Electrical Stimulation Applied to the Brain May Help Treat and Cure Depression

Learn how electrical stimulation applied to the brain may help treat and cure depression. More about depression and electrical stimulation here.


London, UK -- (SBWIRE) -- 10/31/2013 -- Research involving deep brain stimulation reveals that treatment-resistant depression might be curable by applying small electric shocks to specific areas in the brain.

Depression is one of the most common, yet least spoken about, psychiatric conditions in today’s society, and treating it is something that does not always succeed, mostly because it is not entirely understood. So, to start off, what is depression?

An often-made confusion is that depression is simply a low mood or a temporary feeling of sadness, people assuming that someone that suffers from depression can simply “shake it off” or “cheer up.” Unfortunately, it takes a lot more than that to treat depression and most people are never fully “healed,” but are forced to learn to manage it through a combination of therapy and medication.

While it is true that depression is most often characterized by a low mood, there are many more factors and symptoms present for a person suffering from this condition. The most common way of describing the way someone feels when they are depressed is an inability to experience joy or pleasure. There are various reasons for which this can happen, whether psychological, biological, or related to substance abuse, and the exact mechanism of onset is not entirely understood even at this point.

The conventional treatment for depression, and the most successful thus far, is through the use of a type of medication known as anti-depressants. By using this type of medication, the body is either supplied with some chemicals that are known to be lacking in depression patients or prevented from absorbing said substances, such as serotonin or dopamine. In the case that a person does not respond to two or more types of medication, their type of depression is referred to as “treatment-resistant” and other ways of treatment might be required, usually therapy or alternative medicine (homeopathy, acupuncture, hypnosis, etc.).

It is for this type of depression that some researchers are focusing on, as this condition, left untreated, can lead to large discomfort in a person’s life and can even push people to isolating themselves or harming themselves. This is why they began exploring deep brain stimulation (DBS) as a potential means of treatment for this condition.

Deep brain stimulation is by no means a recent development in the medical field, being approved by the FDA in treating tremors in 1997. Despite the fact that is has been around for over a decade, the exact reason for which it works in treating various conditions is not entirely understood.

This line of treatment consists of implanting a small device called a “brain pacemaker” in the brain. What this device does is stimulate certain regions of the brain, modifying brain activity. A possible explanation as to why this device works is that it stimulates the production of adenosine triphosphate, a coenzyme with a crucial role in energy transfer between molecules. Although researchers are not sure how this translates into treating the various conditions that the procedure is used for, it has been successfully used on patients suffering from Parkinson’s disease, chronic pain, and, more recently, depression.
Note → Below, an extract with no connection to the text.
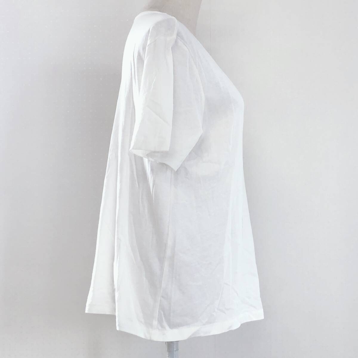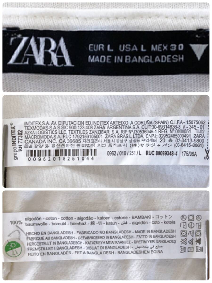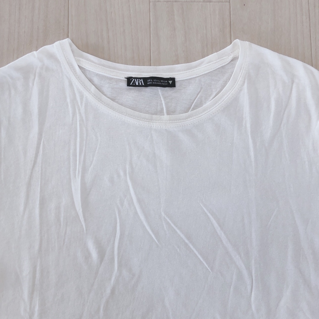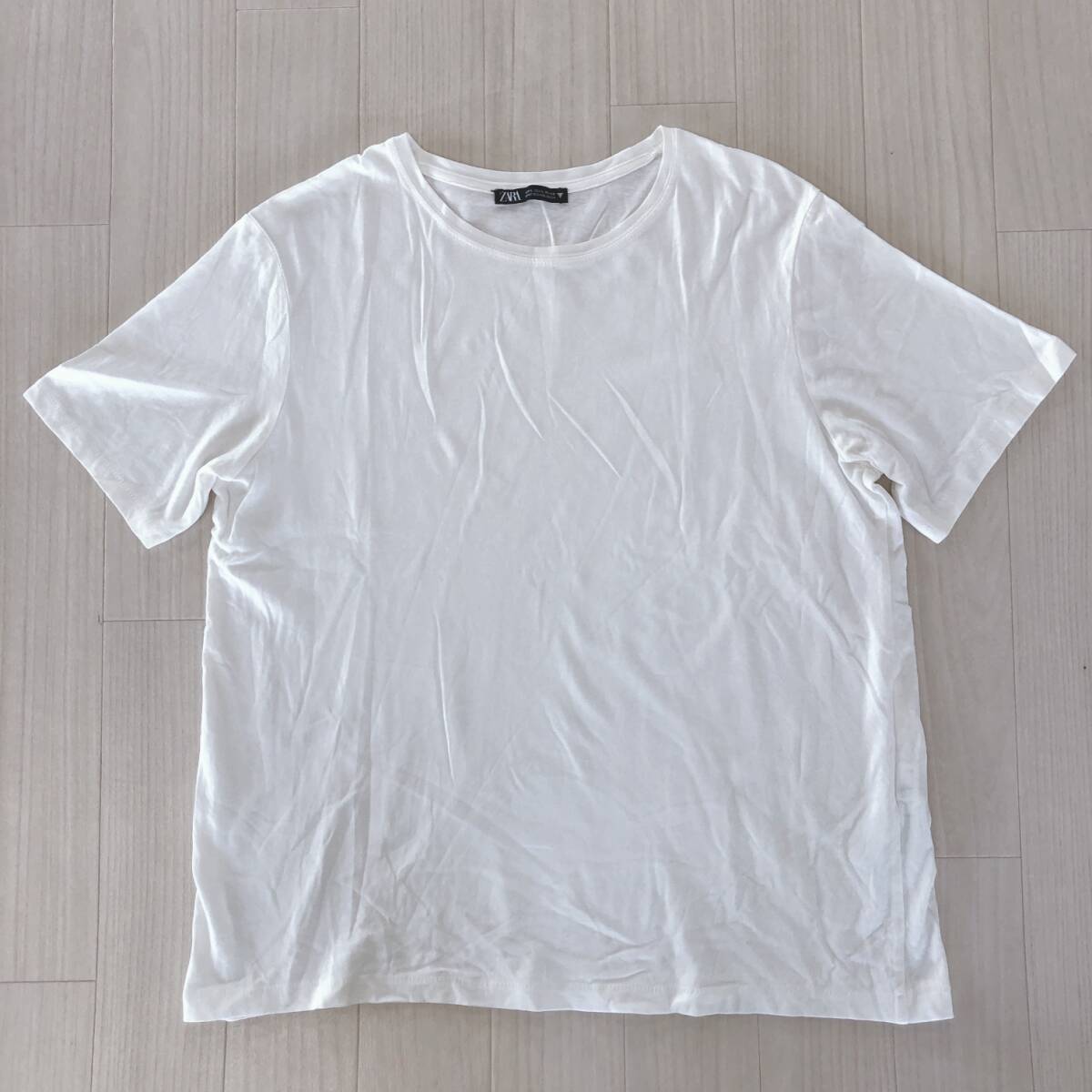 Y1423 ZARA レディース トップス シャツ 半袖 薄手 伸縮性 丸首 L ホワイト 白 綿100% シンプル カジュアル おしゃれ 涼しげ 夏

The way in which researchers applied this treatment to depression patients is by studying its effect on the people that suffer from Parkinson’s disease and creating an analogy to the brain activity of depressed people. They located the area that is responsible for stimulating and inhibiting feelings of sadness and sorrow, and placed the device in the area that can inhibit these feelings, effectively “slowing down” unhappy thoughts and the lingering feeling of melancholy associated with this condition.

There is some concern related to this procedure, as there should be considering it involves implanting a device that sends electrical signals running through your brain. The major issue it can pose is that the device could malfunction, sending impulses that are too strong or that extend to other regions of the brain, which could, in turn, lead to panic attacks, anxiety, mania, or permanent brain damage. Until now there have not been any reported cases of such a thing occurring, but scientists still feel they should perform more tests until this can be introduced as a widespread form of treatment.

An advantage of DBS as opposed to most medication used nowadays is that it is reversible and can be stopped at any point, either by deactivating the pacemaker or by removing it completely, whereas interrupting anti-depressant medication abruptly will, in most cases, lead to withdrawal symptoms that could leave the person worse off than when they started.

So far, there have only been a few hundred people that suffer from depression and have undergone the surgery to receive this implant, with nearly two thirds experiencing great results within the first few days after recovery. Because of the risks involved with this procedure, it is only recommended for people suffering from treatment-resistant depression. However, should it prove as safe as it is currently estimated, there is a possibility of DBS replacing some of today’s conventional ways of treatment.

Whether this method of treatment will be implemented or not does not change one crucial element of DBS: it changes and deepens our understanding of the human brain. Researchers are optimistic and estimate that more and more conditions related to brain activity might be treated through this method in the future, including idiopathic epilepsy, various forms of dementia, obsessive-compulsive disorder, attention deficit hyperactivity disorder, and might even help people wake up from comas faster and with more ease.

Researchers estimate that, at the rate at which tests are being conducted and keeping track of the great success rate that this line of treatment has had so far, DBS might be introduced as a reliable way of helping people with treatment-resistant depression by the end of next year, which is great news for people that suffer from this condition, bringing them hope that they can lead the happy life that they desire along with their loved ones.